Figure 1. Framework of the proposed DCHN method. g is the output of the corresponding view (i.e., image, text, video, etc.). o is the semantic hash code that is computed by the corresponding label y and semantic hashing transformation W. W is computed by the proposed semantic hashing autoencoder module (SHAM). sgn is an elementwise sign function. ℒR and ℒH are hash reconstruction and semantic hashing functions, respectively. In the training stage, first, W is used to recast the label y as a ground-truth hash code o. Then, the obtained hash code is used to guide view-specific networks with a semantic hashing reconstruction regularizer. Such a learning scheme makes the v view-specific neural networks (one network for each view) can be trained separately since they are decoupled and do not share any trainable parameters. Therefore, our DCHN can be easy to scale to a large number of views. In the inference stage, each trained view-specific network fk(xk, Θk) is used to compute the hash code of the sample xk.

SHAM

Figure 1. Proposed SHAM utilizes the semantic information (e.g., labels or classes) to learn an encoder W and a decoder WT by mutually converting the semantic and Hamming spaces. SHAM is one key component of our independent hashing paradigm.

Usage

First, to train SHAM wtih 64 bits on MIRFLICKR-25K, just run trainSHAM.py as follows:

python trainSHAM.py --datasets mirflickr25k --output_shape 64 --gama 1 --available_num 100

Then, to train a model for image modality wtih 64 bits on MIRFLICKR-25K, just run main_DCHN.py as follows:

python main_DCHN.py --mode train --epochs 100 --view 0 --datasets mirflickr25k --output_shape 64 --alpha 0.02 --gama 1 --available_num 100 --gpu_id 0

For text modality:

python main_DCHN.py --mode train --epochs 100 --view 1 --datasets mirflickr25k --output_shape 64 --alpha 0.02 --gama 1 --available_num 100 --gpu_id 1

To evaluate the trained models, you could run main_DCHN.py as follows:

python main_DCHN.py --mode eval --view -1 --datasets mirflickr25k --output_shape 64 --alpha 0.02 --gama 1 --available_num 100 --num_workers 0

Comparison with the State-of-the-Art

Table 1: Performance comparison in terms of MAP scores on the MIRFLICKR-25K and IAPR TC-12 datasets. The highest MAP score is shown in bold.

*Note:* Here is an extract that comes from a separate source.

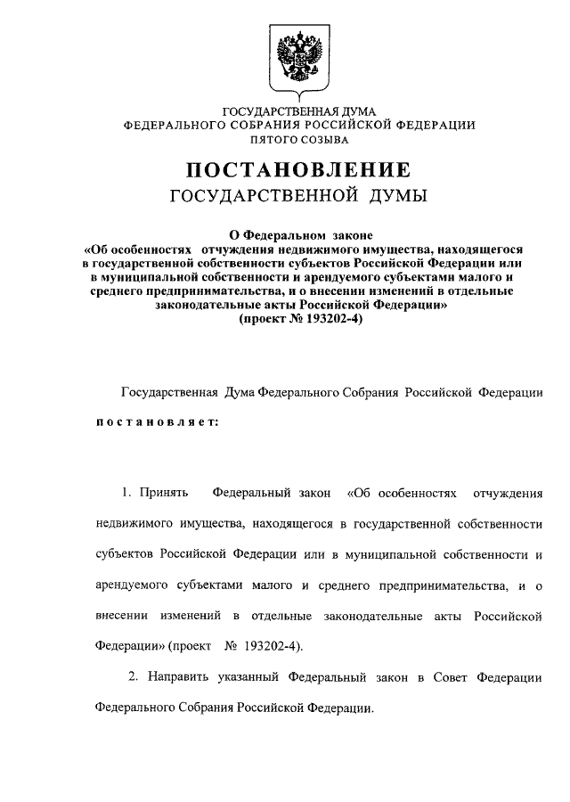 "О ФЕДЕРАЛЬНОМ ЗАКОНЕ "ОБ ОСОБЕННОСТЯХ ОТЧУЖДЕНИЯ НЕДВИЖИМОГО ИМУЩЕСТВА, НАХОДЯЩЕГОСЯ В ГОСУДАРСТВЕННОЙ СОБСТВЕННОСТИ СУБЪЕКТОВ РОССИЙСКОЙ ФЕДЕРАЦИИ ИЛИ В МУНИЦИПАЛЬНОЙ СОБСТВЕННОСТИ И АРЕНДУЕМОГО СУБЪЕКТАМИ МАЛОГО И СРЕДНЕГО ПРЕДПРИНИМАТЕЛЬСТВА, И О ВНЕСЕНИИ ИЗМЕНЕНИЙ В ОТДЕЛЬНЫЕ ЗАКОНОДАТЕЛЬНЫЕ АКТЫ РОССИЙСКОЙ ФЕДЕРАЦИИ" (ПРОЕКТ N 193202-4)"

   Method    MIRFLICKR-25K IAPR TC-12
Image → Text Text → Image Image → Text Text → Image
16 32 64 128 16 32 64 128 16 32 64 128 16 32 64 128
Baseline 0.581 0.520 0.553 0.573 0.578 0.544 0.556 0.579 0.329 0.292 0.309 0.298 0.332 0.295 0.311 0.304
SePH [21] 0.729 0.738 0.744 0.750 0.753 0.762 0.764 0.769 0.467 0.476 0.486 0.493 0.463 0.475 0.485 0.492
SePHlr [12] 0.729 0.746 0.754 0.763 0.760 0.780 0.785 0.793 0.410 0.434 0.448 0.463 0.461 0.495 0.515 0.525
RoPH [34] 0.733 0.744 0.749 0.756 0.757 0.759 0.768 0.771 0.457 0.481 0.493 0.500 0.451 0.478 0.488 0.495
LSRH [22] 0.756 0.780 0.788 0.800 0.772 0.786 0.791 0.802 0.474 0.490 0.512 0.522 0.474 0.492 0.511 0.526
KDLFH [23] 0.734 0.755 0.770 0.771 0.764 0.780 0.794 0.797 0.306 0.314 0.351 0.357 0.307 0.315 0.350 0.356
DLFH [23] 0.721 0.743 0.760 0.767 0.761 0.788 0.805 0.810 0.306 0.314 0.326 0.340 0.305 0.315 0.333 0.353
MTFH [13] 0.581 0.571 0.645 0.543 0.584 0.556 0.633 0.531 0.303 0.303 0.307 0.300 0.303 0.303 0.308 0.302
DJSRH [14] 0.620 0.630 0.645 0.660 0.620 0.626 0.645 0.649 0.368 0.396 0.419 0.439 0.370 0.400 0.423 0.437
DCMH [9] 0.737 0.754 0.763 0.771 0.753 0.760 0.763 0.770 0.423 0.439 0.456 0.463 0.449 0.464 0.476 0.481
SSAH [20] 0.797 0.809 0.810 0.802 0.782 0.797 0.799 0.790 0.501 0.503 0.496 0.479 0.504 0.530 0.554 0.565
DCHN0 0.806 0.823 0.836 0.842 0.797 0.808 0.823 0.827 0.487 0.492 0.550 0.573 0.481 0.488 0.543 0.567
DCHN100 0.813 0.816 0.823 0.840 0.808 0.803 0.814 0.830 0.533 0.558 0.582 0.596 0.527 0.557 0.582 0.595

Table 2: Performance comparison in terms of MAP scores on the NUS-WIDE and MS-COCO datasets. The highest MAP score is shown in bold.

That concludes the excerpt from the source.